» **Problem requirements**
Only text lines belong in the answer: the lines from the first one in the records through the line with "The NetBIOS protocol, as", copied exactly.

Stored items from a collection:

::::::::::

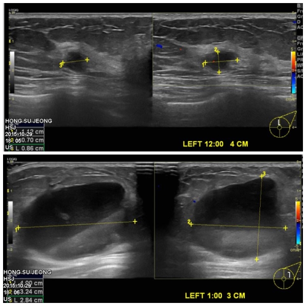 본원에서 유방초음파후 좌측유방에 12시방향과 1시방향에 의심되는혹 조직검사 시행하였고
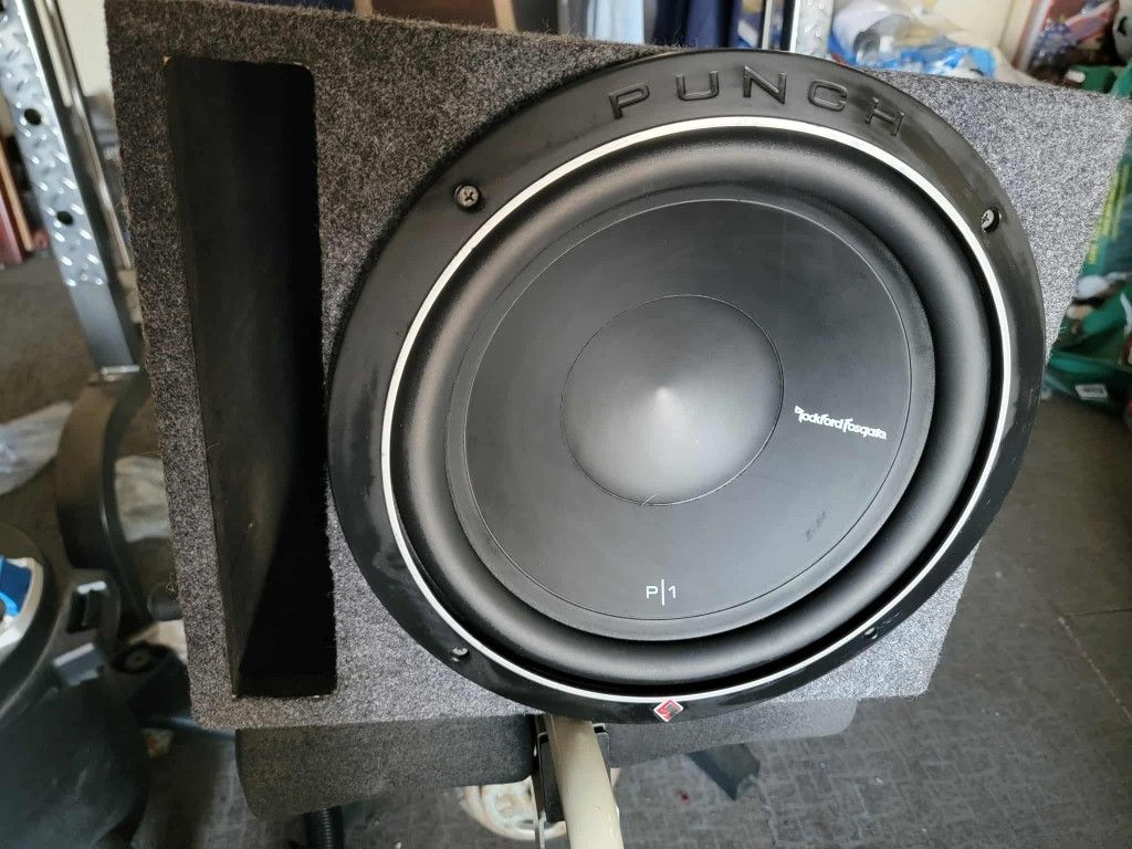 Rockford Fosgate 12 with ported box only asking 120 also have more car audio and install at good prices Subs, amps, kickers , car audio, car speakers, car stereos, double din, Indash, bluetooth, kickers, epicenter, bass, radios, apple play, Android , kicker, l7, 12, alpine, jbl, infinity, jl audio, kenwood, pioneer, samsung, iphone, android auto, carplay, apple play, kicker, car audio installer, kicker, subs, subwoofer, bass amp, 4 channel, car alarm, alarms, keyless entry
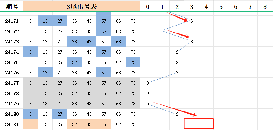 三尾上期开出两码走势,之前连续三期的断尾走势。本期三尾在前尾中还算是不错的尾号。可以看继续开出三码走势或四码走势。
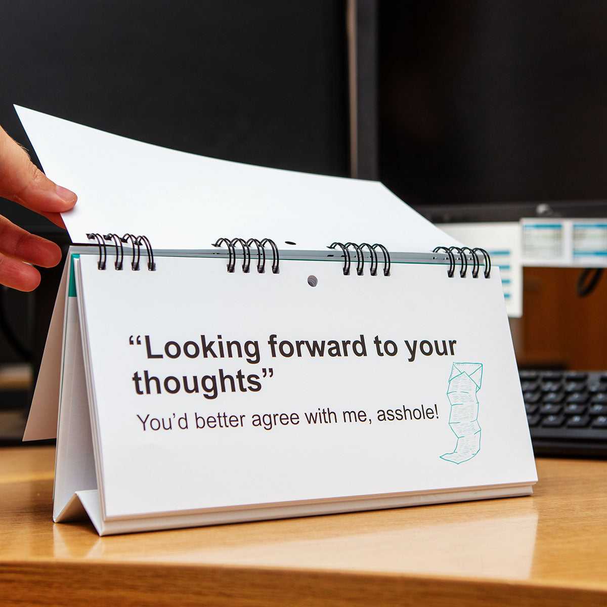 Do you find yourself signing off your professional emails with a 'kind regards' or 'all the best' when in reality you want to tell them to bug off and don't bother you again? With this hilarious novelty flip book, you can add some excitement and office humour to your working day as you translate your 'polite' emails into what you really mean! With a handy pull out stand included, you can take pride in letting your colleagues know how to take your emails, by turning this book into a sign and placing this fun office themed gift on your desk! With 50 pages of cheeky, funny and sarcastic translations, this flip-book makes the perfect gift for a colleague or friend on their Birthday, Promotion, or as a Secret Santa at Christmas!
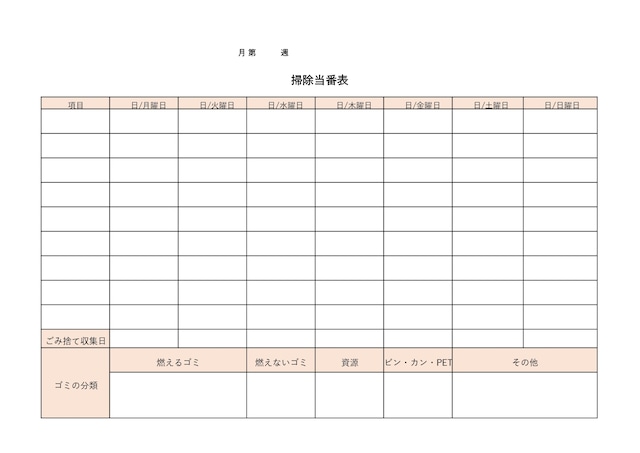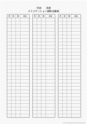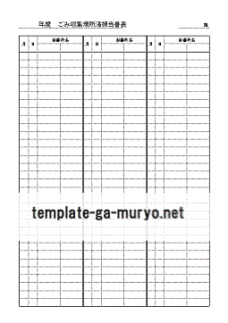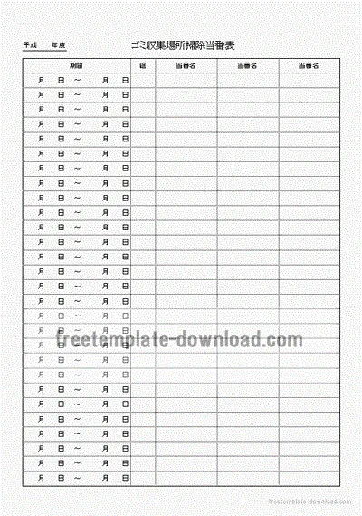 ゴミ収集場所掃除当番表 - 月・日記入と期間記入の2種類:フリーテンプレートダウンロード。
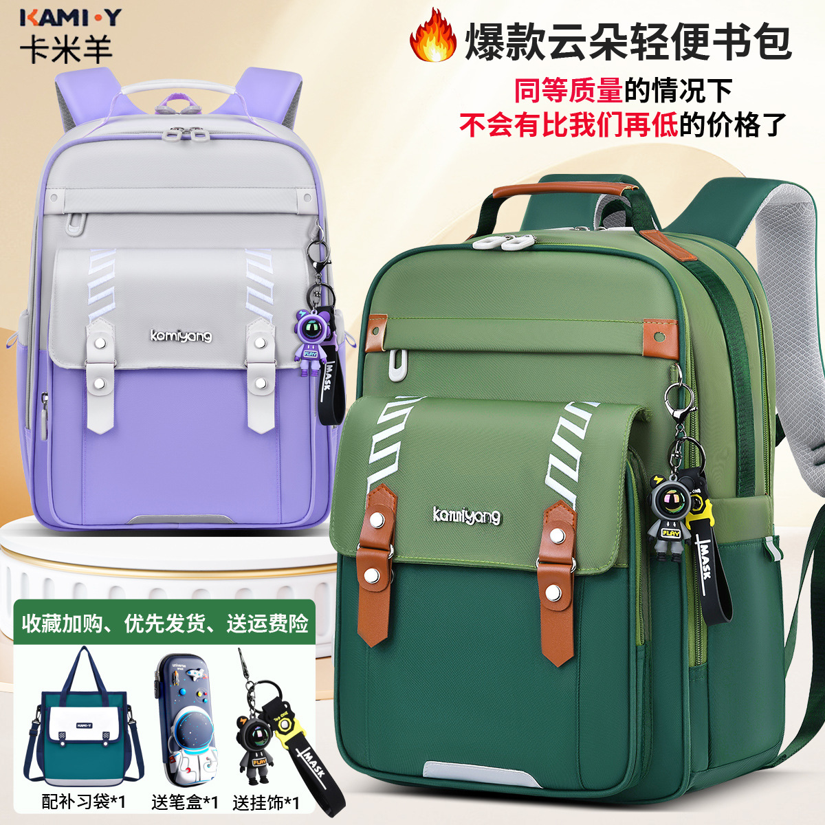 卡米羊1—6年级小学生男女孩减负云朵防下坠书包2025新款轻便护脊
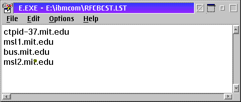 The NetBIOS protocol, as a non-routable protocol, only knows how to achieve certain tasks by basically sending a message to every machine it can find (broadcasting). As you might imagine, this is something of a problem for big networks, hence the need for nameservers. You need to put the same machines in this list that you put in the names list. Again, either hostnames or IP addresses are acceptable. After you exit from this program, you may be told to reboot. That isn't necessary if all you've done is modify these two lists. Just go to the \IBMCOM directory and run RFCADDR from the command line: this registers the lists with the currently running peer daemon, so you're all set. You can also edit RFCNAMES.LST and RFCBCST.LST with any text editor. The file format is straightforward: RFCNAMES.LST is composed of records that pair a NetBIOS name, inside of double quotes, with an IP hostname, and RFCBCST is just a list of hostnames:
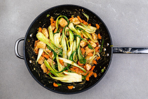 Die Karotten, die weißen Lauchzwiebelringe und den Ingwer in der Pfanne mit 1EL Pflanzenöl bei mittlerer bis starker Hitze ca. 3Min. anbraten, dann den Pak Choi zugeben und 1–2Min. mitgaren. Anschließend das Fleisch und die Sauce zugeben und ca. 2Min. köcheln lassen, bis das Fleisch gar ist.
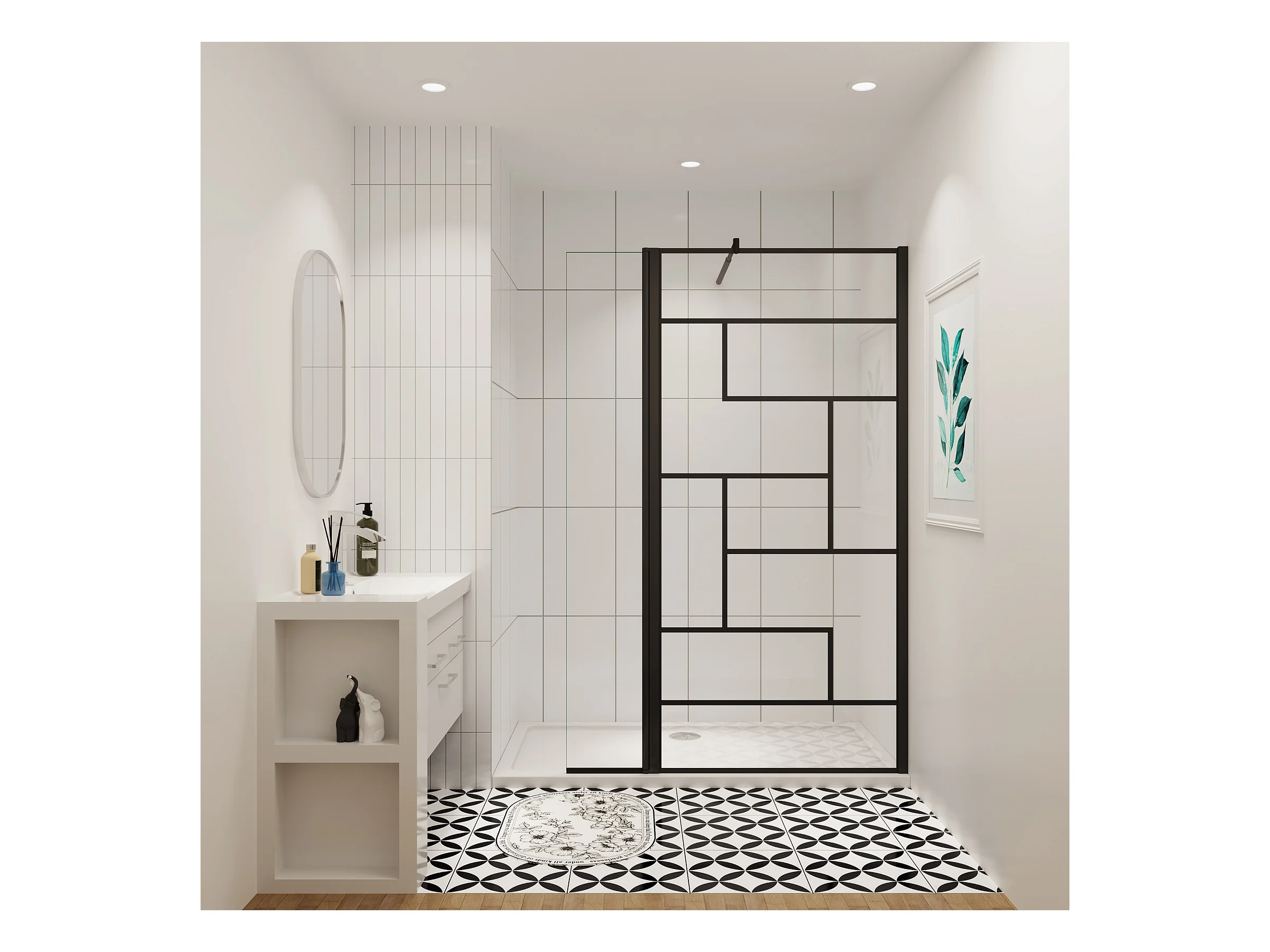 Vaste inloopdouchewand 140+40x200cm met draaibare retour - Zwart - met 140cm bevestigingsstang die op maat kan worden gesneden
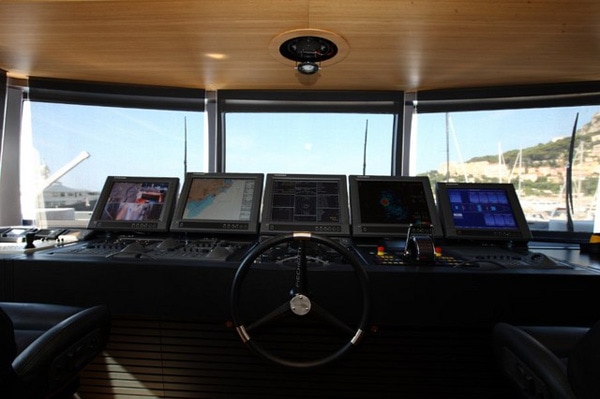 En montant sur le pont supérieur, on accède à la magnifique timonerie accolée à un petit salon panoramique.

::::::::::

» **Problem solution**
 본원에서 유방초음파후 좌측유방에 12시방향과 1시방향에 의심되는혹 조직검사 시행하였고
 Rockford Fosgate 12 with ported box only asking 120 also have more car audio and install at good prices Subs, amps, kickers , car audio, car speakers, car stereos, double din, Indash, bluetooth, kickers, epicenter, bass, radios, apple play, Android , kicker, l7, 12, alpine, jbl, infinity, jl audio, kenwood, pioneer, samsung, iphone, android auto, carplay, apple play, kicker, car audio installer, kicker, subs, subwoofer, bass amp, 4 channel, car alarm, alarms, keyless entry
 三尾上期开出两码走势,之前连续三期的断尾走势。本期三尾在前尾中还算是不错的尾号。可以看继续开出三码走势或四码走势。
 Do you find yourself signing off your professional emails with a 'kind regards' or 'all the best' when in reality you want to tell them to bug off and don't bother you again? With this hilarious novelty flip book, you can add some excitement and office humour to your working day as you translate your 'polite' emails into what you really mean! With a handy pull out stand included, you can take pride in letting your colleagues know how to take your emails, by turning this book into a sign and placing this fun office themed gift on your desk! With 50 pages of cheeky, funny and sarcastic translations, this flip-book makes the perfect gift for a colleague or friend on their Birthday, Promotion, or as a Secret Santa at Christmas!
 ゴミ収集場所掃除当番表 - 月・日記入と期間記入の2種類:フリーテンプレートダウンロード。
 卡米羊1—6年级小学生男女孩减负云朵防下坠书包2025新款轻便护脊
 The NetBIOS protocol, as a non-routable protocol, only knows how to achieve certain tasks by basically sending a message to every machine it can find (broadcasting). As you might imagine, this is something of a problem for big networks, hence the need for nameservers. You need to put the same machines in this list that you put in the names list. Again, either hostnames or IP addresses are acceptable. After you exit from this program, you may be told to reboot. That isn't necessary if all you've done is modify these two lists. Just go to the \IBMCOM directory and run RFCADDR from the command line: this registers the lists with the currently running peer daemon, so you're all set. You can also edit RFCNAMES.LST and RFCBCST.LST with any text editor. The file format is straightforward: RFCNAMES.LST is composed of records that pair a NetBIOS name, inside of double quotes, with an IP hostname, and RFCBCST is just a list of hostnames:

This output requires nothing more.